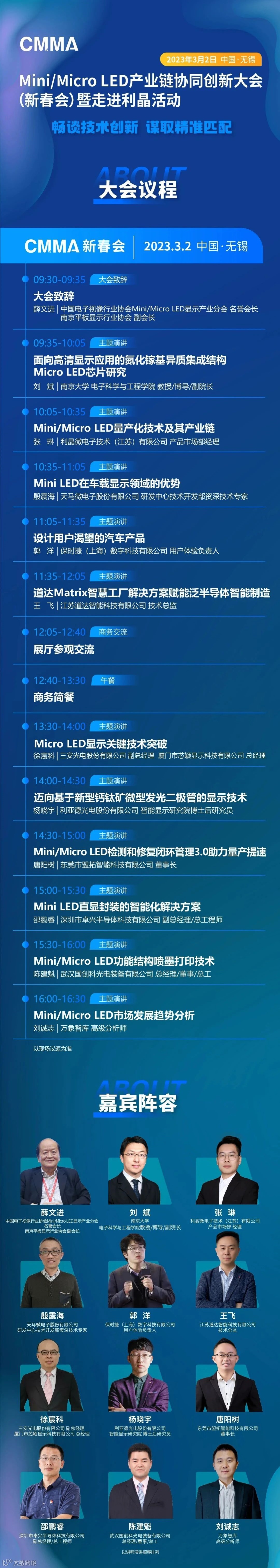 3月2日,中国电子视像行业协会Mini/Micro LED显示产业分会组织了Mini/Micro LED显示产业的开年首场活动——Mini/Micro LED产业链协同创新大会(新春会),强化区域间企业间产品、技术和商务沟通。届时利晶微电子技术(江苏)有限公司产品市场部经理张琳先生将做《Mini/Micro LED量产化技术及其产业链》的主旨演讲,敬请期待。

▬▬▬

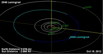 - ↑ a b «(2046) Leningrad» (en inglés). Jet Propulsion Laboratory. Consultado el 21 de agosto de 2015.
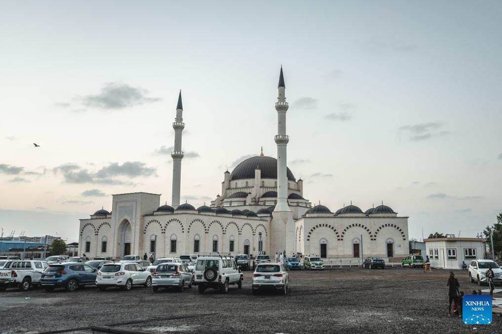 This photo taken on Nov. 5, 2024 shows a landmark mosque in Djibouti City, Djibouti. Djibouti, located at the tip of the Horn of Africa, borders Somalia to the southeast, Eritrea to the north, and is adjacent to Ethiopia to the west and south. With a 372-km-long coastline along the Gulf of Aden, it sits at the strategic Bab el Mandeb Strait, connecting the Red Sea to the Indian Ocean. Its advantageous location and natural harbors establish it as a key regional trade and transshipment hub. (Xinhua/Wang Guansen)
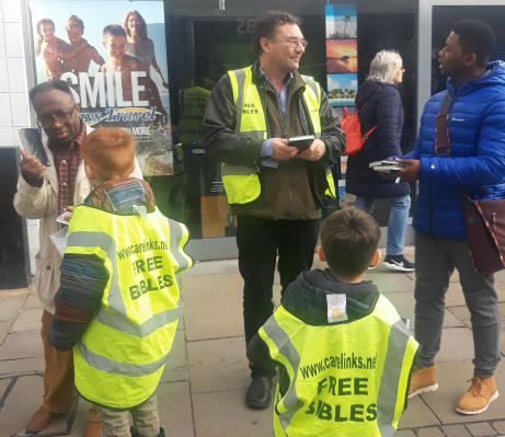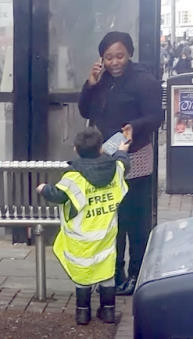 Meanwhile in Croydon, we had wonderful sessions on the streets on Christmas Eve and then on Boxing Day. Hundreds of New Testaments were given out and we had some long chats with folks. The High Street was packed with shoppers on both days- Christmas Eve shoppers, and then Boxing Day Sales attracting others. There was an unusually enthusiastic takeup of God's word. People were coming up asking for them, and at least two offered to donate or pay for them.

▬▬▬

* [WHAT THIS TASK INVOLVES]
In the listing above, find the line containing "agosto de 2015." and the line containing "This photo taken", then print exactly those two lines and every line between them, minus the pictures.

* [FINISHED TASK]
 - ↑ a b «(2046) Leningrad» (en inglés). Jet Propulsion Laboratory. Consultado el 21 de agosto de 2015.
 This photo taken on Nov. 5, 2024 shows a landmark mosque in Djibouti City, Djibouti. Djibouti, located at the tip of the Horn of Africa, borders Somalia to the southeast, Eritrea to the north, and is adjacent to Ethiopia to the west and south. With a 372-km-long coastline along the Gulf of Aden, it sits at the strategic Bab el Mandeb Strait, connecting the Red Sea to the Indian Ocean. Its advantageous location and natural harbors establish it as a key regional trade and transshipment hub. (Xinhua/Wang Guansen)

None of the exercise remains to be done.